A new storage option has been developed by C&CZ. This page will show the technical details and properties of this storage, which will hopefully help you make a decision if this is something you want. Any storage we handout we call a “volume”. For these ZFS volumes:

Size
Storage size can be as large as you want, but smaller than the amount we can put in a single machine. Currently (2024+) we can buy machines with roughly 140-200 TB storage.
Snapshots
On this we enable snapshots, so that you can retrieve (deleted) files your self.
Backup
Each volume will be back upped to local S3 storage. This should be thought of as disaster recovery, and restoring from the cloud should (hopefully) be rarely needed.

All of these volumes are visible in DIY in the “Storage” section if you have access to them. How to order such storage can be seen here.

Access

Each volume can be access via Samba and NFS from machines where you can log in.

On a volume we configure two groups (of your choice):

  1. a read-write group
  2. a read-only group

If you are the owner of those groups you can change who can access what by removing are adding user into those groups in DIY. In the (near) future we also want to expose volume properties to DIY, so that group owners can e.g. increase the volume size.

Users of the volume can (naturally) change files they own and add/remove permissions.

Optional Features

The are a bunch of knobs we turn for each of these volumes. Depending on user demand this will also find a place in DIY, for now you’ll need to contact C&CZ.

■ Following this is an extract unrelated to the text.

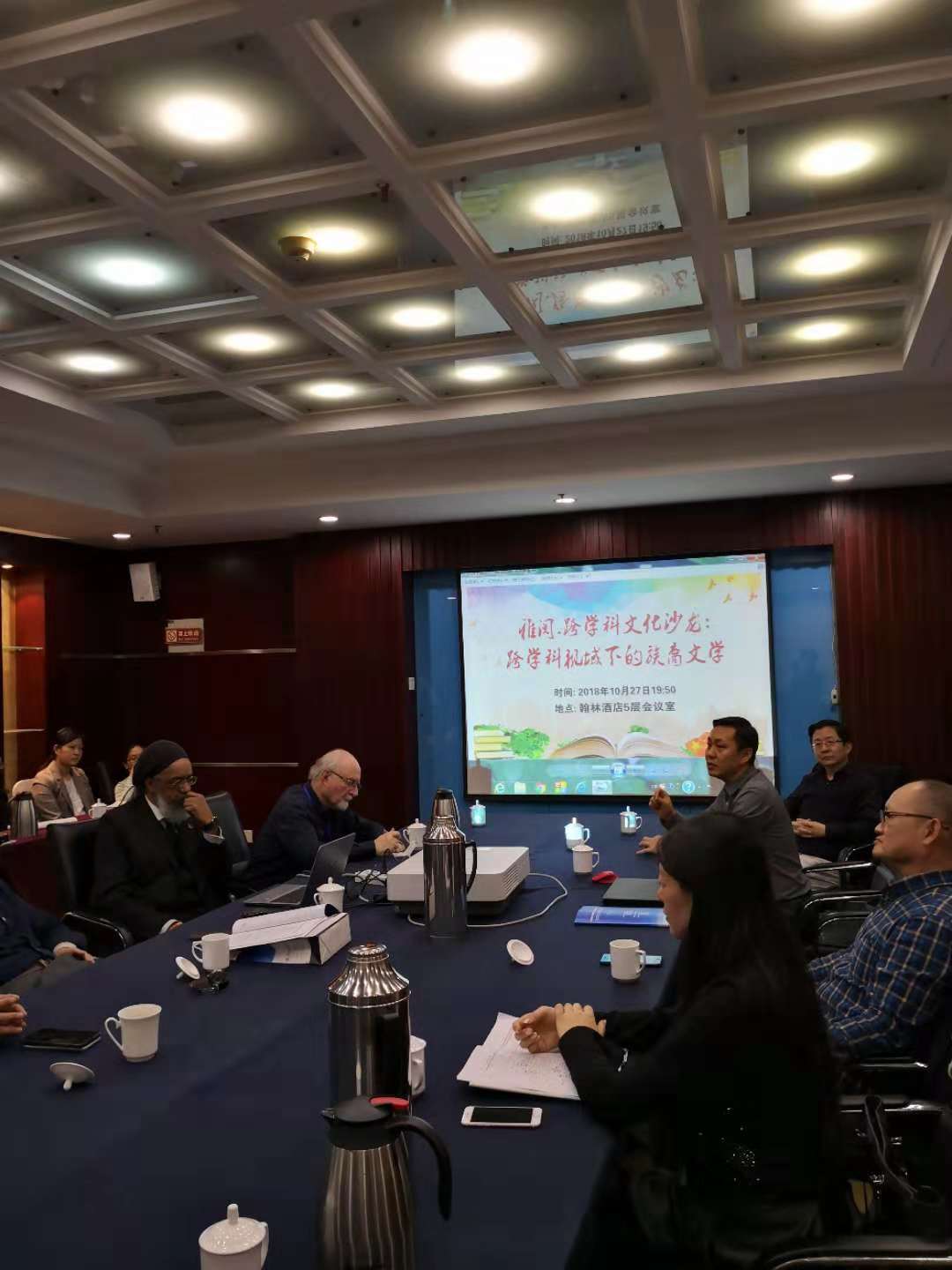10月27日晚,在第五届族裔文学国际研讨会召开期间,“雅阅·跨学科文学沙龙”第五讲在山东师范大学翰林大酒店五层会议厅举行。华中师范大学罗良功教授、中国人民大学郭英剑教授、陈世丹教授、上海师范大学朱振武教授、厦门大学张龙海教授、中央民族大学朱小琳教授、美国马萨诸塞大学沙巴兹教授、北伊利诺伊大学威廉·贝克教授、韩国东国大学金英敏教授等专家学者围绕着“跨学科视域下的族裔文学”这一主题进行了座谈,50余名学者参与了座谈。座谈由山东师范大学外国语学院院长、《山东外语教学》主编王卓教授主持。

  • Sync all directories and files to the original read-write/read-only groups and remove any added groups and/or access.
  • Temporary set the volume to read-only.
  • Enable/disable backup.

Migration of Existing Volumes

There are currently no plans to migrate/consolidate exiting volumes. If your organization wants to discuss such a migration please contact C&CZ.

Compression

All ZFS volumes have compression on by default, this often results in significant reduction in used space and the quota is based on uncompressed size you can store more data in the size you pay for.

To figure out how much space your data is when not compressed, you can use the du --apparent-size command (usually du --apparent-size -sh . for a summery of the current directory) to show the total size of the data without compression.